Recipe of the Week: Sweet and Sour Chicken
Sweet and Sour Chicken
This meal comes with an enormous amount of aromatic flavor and taste yet it’s very simple to make. Want to know how? Then come along with me into my Creative Kitchen!
1 lbs. Chicken (I used thighs but you can you also use the breast it’s up to you)
1 red and 1 green pepper
1 yellow onion
Oil for frying
1/3 cup of Cornstarch
1 cup chunky pineapples and juice (optional)
Salt and pepper or soy sauce
Sweet and Sour Sauce:
In a medium bowl whisk together:
1/3 cup cornstarch
1/2 cup brown sugar
1/3 cup ketchup
1/2 cup rice vinegar or white vinegar
2 tablespoons soy sauce
Whisk together and set to the side until ready to use. You can also buy sweet and sour sauce (it’s up to you).
1. Cut up chicken into bite size pieces (either season with salt or marinade with soy sauce)
2. In a large freezer bag toss chicken with cornstarch making sure all pieces has been coated with cornstarch. Afterwards, place in refrigerator until ready to use.

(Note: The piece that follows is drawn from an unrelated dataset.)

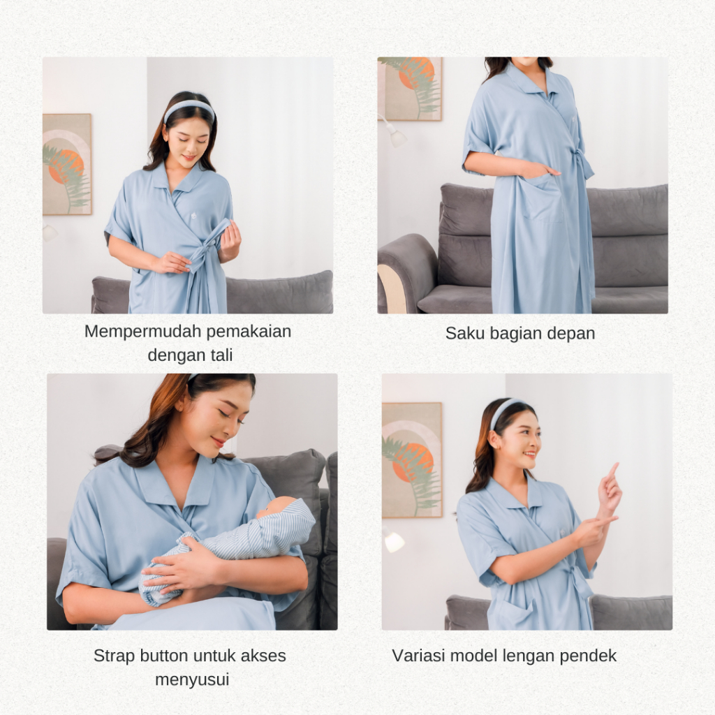 Momiasi – Yuki Home Dress Kimono Lengan Pendek – Daster Busui Lahiran Friendly- Maternity Hospital Kimono Rayon

3. Add about 3-4 tablespoons of oil to wok, or skillet. While heating, cut up peppers and onions each into “1” chunks
4. Add chicken to hot skillet and cook 3-4 minutes on both sides being careful not to overcrowd your skillet. Once chicken has cooked put onto a cookie sheet or plate (do not use paper towels to drain the grease.
5. Once all chicken has been fried, with the remaining oil, add onions, and peppers and sautee until just slightly tender (you don’t want mushy vegetables….cook for about 1 minute. Then add the sauce cook until slightly thickened).
6. Add pineapple chunks and juice along with the chicken and cook for a minute or two more.
Garnish with green onions and sesame seeds (optional)
Enjoy with your favorite side of rice or noodles or both it’s up to you!